Deville Cohen: Studio Visit

October 13, 2013


Inside the artist’s studio

Deville Cohen, formally trained with an MFA from Bard, was born in Tel Aviv, but is currently based in Brooklyn with a studio in Long Island City. Last week, my “The Work of Art from Studio to Museum” class took my inside the artist’s studio. Cohen takes elements of theater, sculpture, collage and cinematography and works them into assemblages and video pieces (POISON, 2011 is embedded below).

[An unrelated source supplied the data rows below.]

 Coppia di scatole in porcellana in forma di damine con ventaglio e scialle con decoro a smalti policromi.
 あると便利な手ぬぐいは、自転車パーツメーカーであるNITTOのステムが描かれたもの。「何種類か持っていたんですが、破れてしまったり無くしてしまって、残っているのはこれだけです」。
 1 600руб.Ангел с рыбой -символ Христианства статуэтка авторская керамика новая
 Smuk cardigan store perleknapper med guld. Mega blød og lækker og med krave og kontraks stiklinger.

He explores how an individual reacts and interacts with their surrounding environment.

POISON, Deville Cohen, 2011 from Deville Cohen on Vimeo.

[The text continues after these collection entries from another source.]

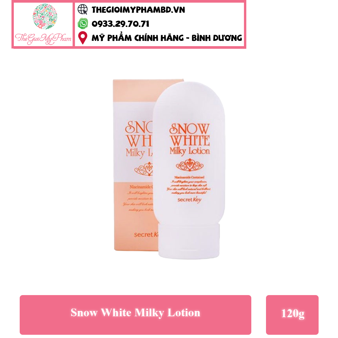 Snow White Milky Lotion giúp cung cấp nước và dưỡng ẩm tránh da bị khô, sần sùi, ngoài khả năng làm trắng sáng da bạn còn được dưỡng ẩm và mịn màng hơn, bạn sẽ cảm nhận được ngay ở lần dùng đầu tiên.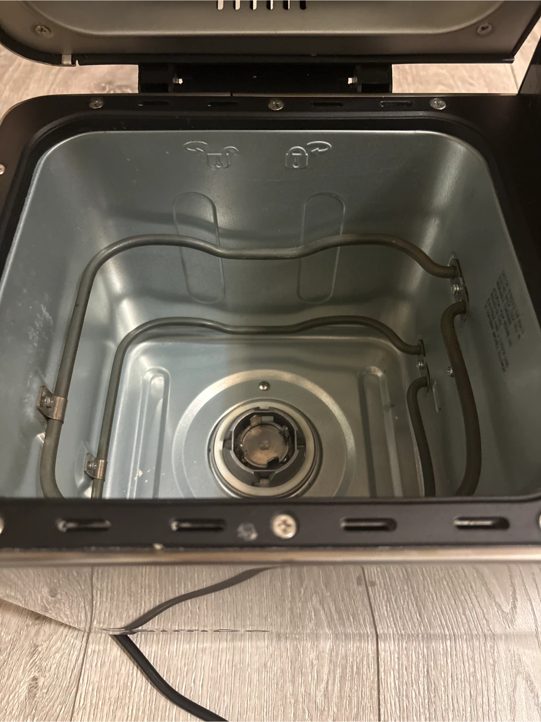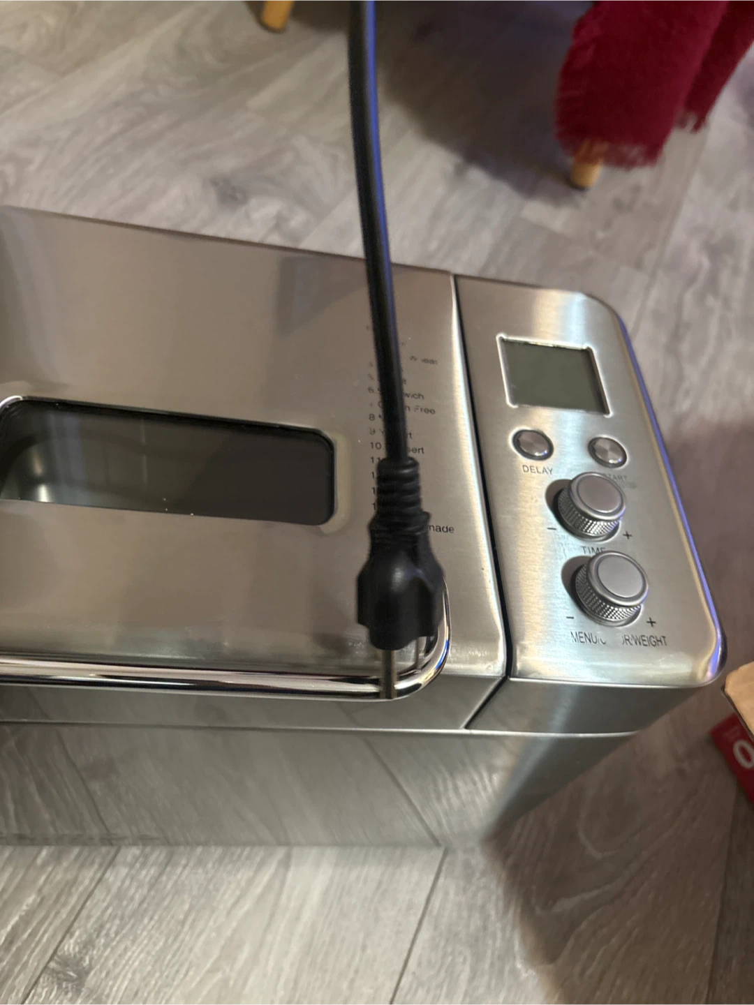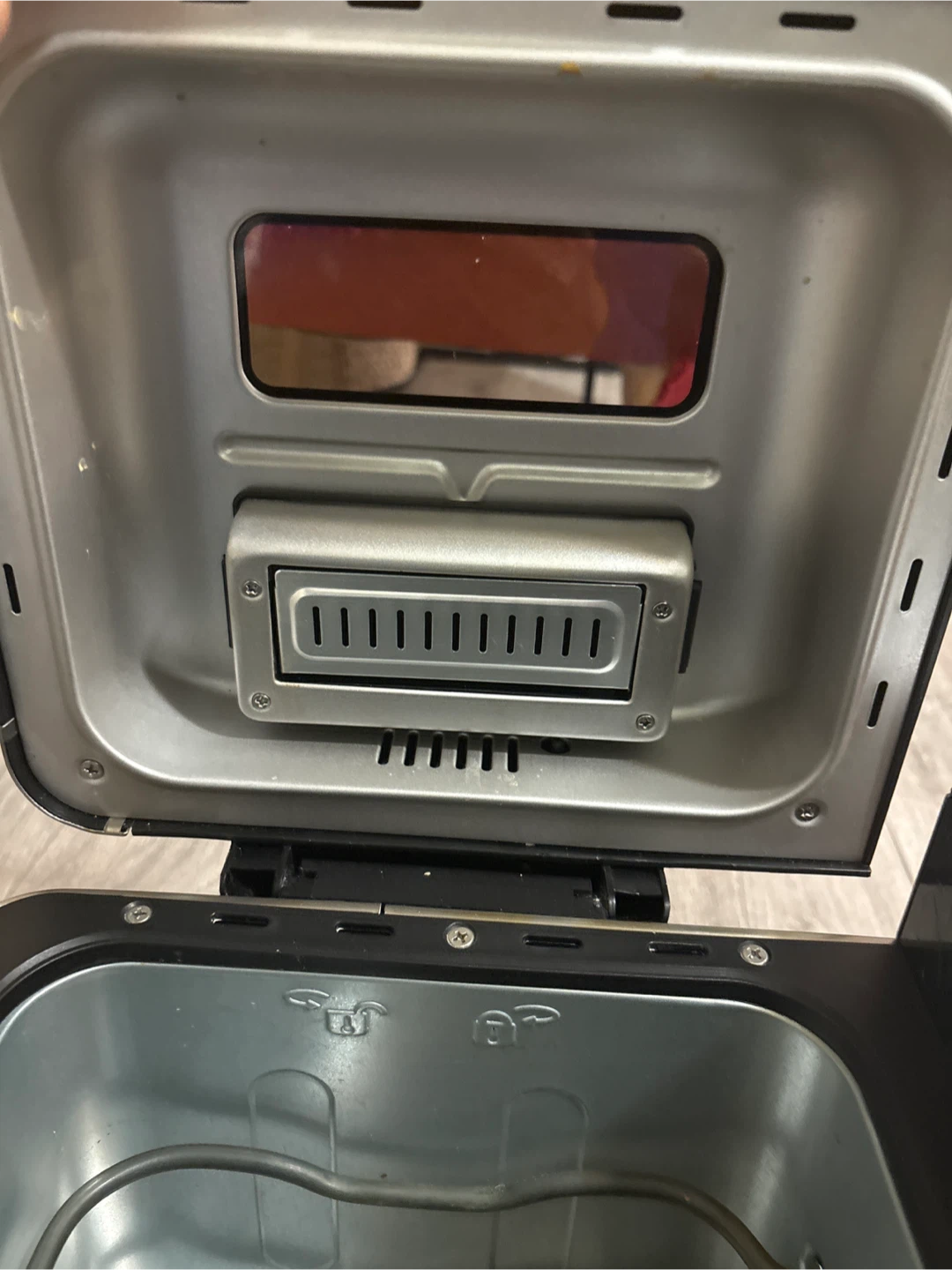 Make fresh bread at home with this CalmDo bread maker. It has multiple settings including sweet, sandwich, gluten-free, yogurt, dessert, dough, jam, cake, and bake options. Stainless steel exterior and interior.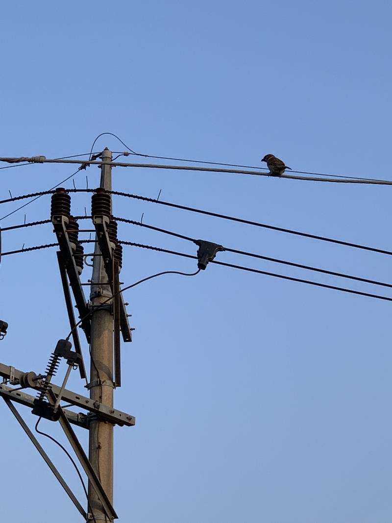 침실 창밖 전깃줄에 앉은 참새 도촬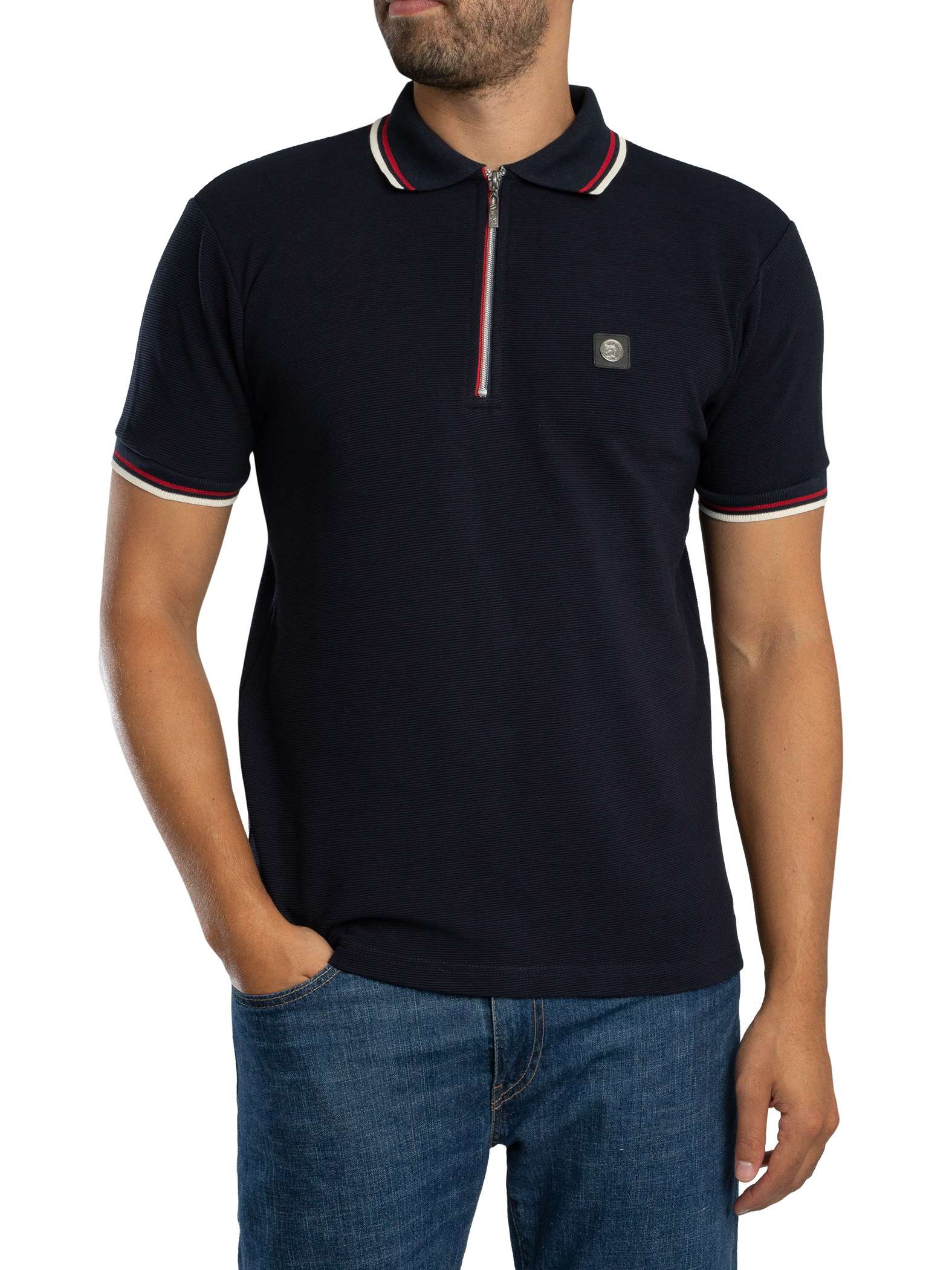 Trojan Ottoman Rib Zip Polo Shirt - Navy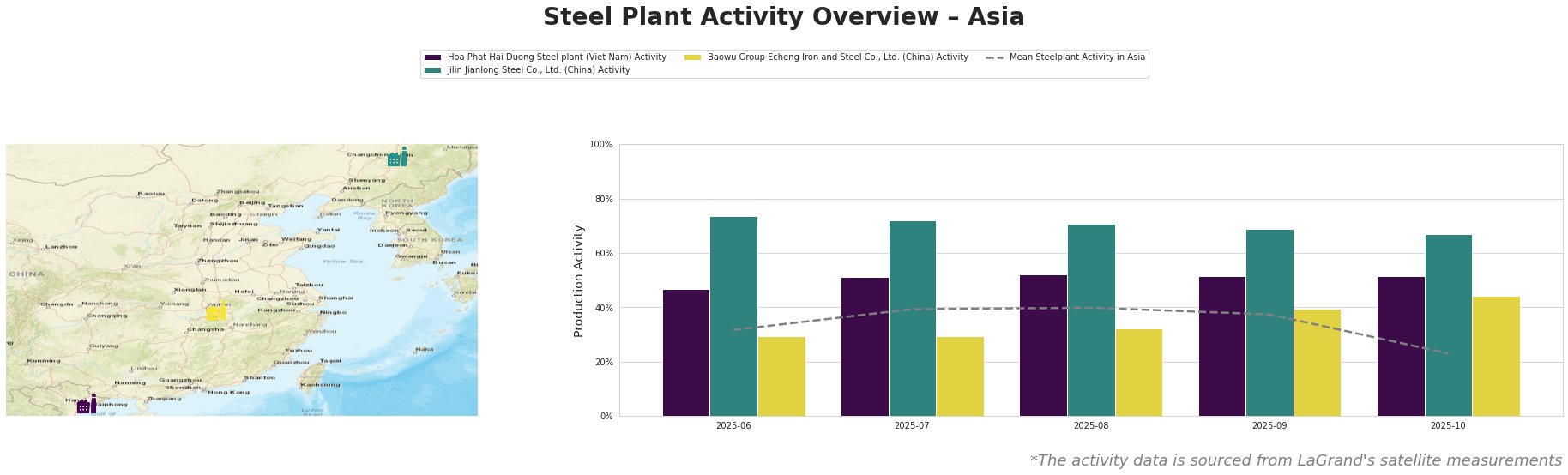 Hoa Phat Hai Duong Steel plant, a Vietnamese integrated steel producer with a 2.5 million tonne BOF capacity, has maintained stable activity around 51-52% from July to October. This stability occurs even as overall Asian activity declines, per the satellite data. No direct connection between this stable activity and the news articles can be established.

The studio, overlooking a portion of the Manhattan’s midtown skyline, is part video maze and part ordered creative chaos. The first thing you see when you walk into the meticulously well-organized space is a larger-than-life 2-D rotating Xeroxed cheese grater, that leads to the “video space,” used for the backdrops in his video pieces. Cohen initially works solo on his pieces that marry the animate (human) with the inanimate (cars, zebra skin rugs, Xeroxed copies of moose, ladders, kitchen appliances) while playing with Xeroxed images and scale bending; however, he later employs the help of others in the filming and production, which are shot offsite. If Cohen gets the 3,000 square foot space he is currently vying for in Portland, Oregon, he will have to meet a February 2014 deadline to complete his current work-in-progress, based on the X-Files, ZERO.

The storyboard for ZERO

The various objects occupying the studio—lava lamps, boxes of binder clips and clothespins, Shakespearean works, power drills, wooden dowels, Gorilla Glue, etc., all give a slight glimpse into the spirited processes involved in creation. It would be interesting to document the evolution of his work since he currently uses architecture printers in Manhattan Staples and Kinkos, does not own a Xerox machine of his own and despite its extremely ephemeral quality, uses paper due to its low cost. The brief, intimate encounter with Cohen and his workspace painted him as a low-tech artist concerned with space (the book Full Moon sat on a Rubbermaid table in the middle of the studio), physics, (several equations, i.e. gravity, were part of his ZERO storyboard), geometry and highlighting the relationship that exists between humanity and the physical world.